Online test-time adaptation for better generalization of interatomic potentials to out-of-distribution data
Machine learning interatomic potentials (MLIPs) enable more efficient molecular dynamics (MD) simulations with ab initio accuracy, which have been used in various domains of physical science. However, distribution shift between training and test data causes deterioration of the test performance of MLIPs, and even leads to collapse of MD simulations. In this work, we propose an online Test-time Adaptation Interatomic Potential (TAIP) framework to improve the generalization on test data. Specifically, we design a dual-level self-supervised learning approach that leverages global structure and atomic local environment information to align the model with the test data. Extensive experiments demonstrate TAIP’s capability to bridge the domain gap between training and test dataset without additional data. TAIP enhances the test performance on various benchmarks, from small molecule datasets to complex periodic molecular systems with various types of elements.
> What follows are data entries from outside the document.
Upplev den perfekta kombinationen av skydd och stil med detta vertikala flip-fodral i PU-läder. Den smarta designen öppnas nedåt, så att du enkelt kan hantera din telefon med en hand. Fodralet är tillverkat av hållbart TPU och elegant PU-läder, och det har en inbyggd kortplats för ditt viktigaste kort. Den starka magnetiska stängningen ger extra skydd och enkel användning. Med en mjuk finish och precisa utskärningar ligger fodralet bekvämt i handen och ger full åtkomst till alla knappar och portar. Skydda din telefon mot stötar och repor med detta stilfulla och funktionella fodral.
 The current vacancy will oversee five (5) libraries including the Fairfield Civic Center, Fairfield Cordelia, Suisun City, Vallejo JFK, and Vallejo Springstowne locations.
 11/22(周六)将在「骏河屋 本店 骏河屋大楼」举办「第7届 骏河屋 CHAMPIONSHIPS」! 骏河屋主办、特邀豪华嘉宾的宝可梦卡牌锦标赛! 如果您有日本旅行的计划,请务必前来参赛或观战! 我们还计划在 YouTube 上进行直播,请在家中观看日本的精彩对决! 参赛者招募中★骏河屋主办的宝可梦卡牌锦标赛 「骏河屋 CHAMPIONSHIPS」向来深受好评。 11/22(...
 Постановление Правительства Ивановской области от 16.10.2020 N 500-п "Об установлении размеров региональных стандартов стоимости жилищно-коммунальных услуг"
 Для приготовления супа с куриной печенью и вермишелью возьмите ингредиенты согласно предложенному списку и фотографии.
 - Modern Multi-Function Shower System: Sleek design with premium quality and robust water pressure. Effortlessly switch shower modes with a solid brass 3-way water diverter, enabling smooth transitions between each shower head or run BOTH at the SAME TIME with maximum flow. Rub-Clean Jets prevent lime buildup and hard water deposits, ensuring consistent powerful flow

TAIP also enables stable MD simulations where the corresponding baseline models collapse. Molecular dynamics simulations using machine learning interatomic potentials often face stability issues due to distribution shifts. Here, the authors develop an online test-time adaptation framework to improve generalization, allowing for more stable simulations without the need for additional training data.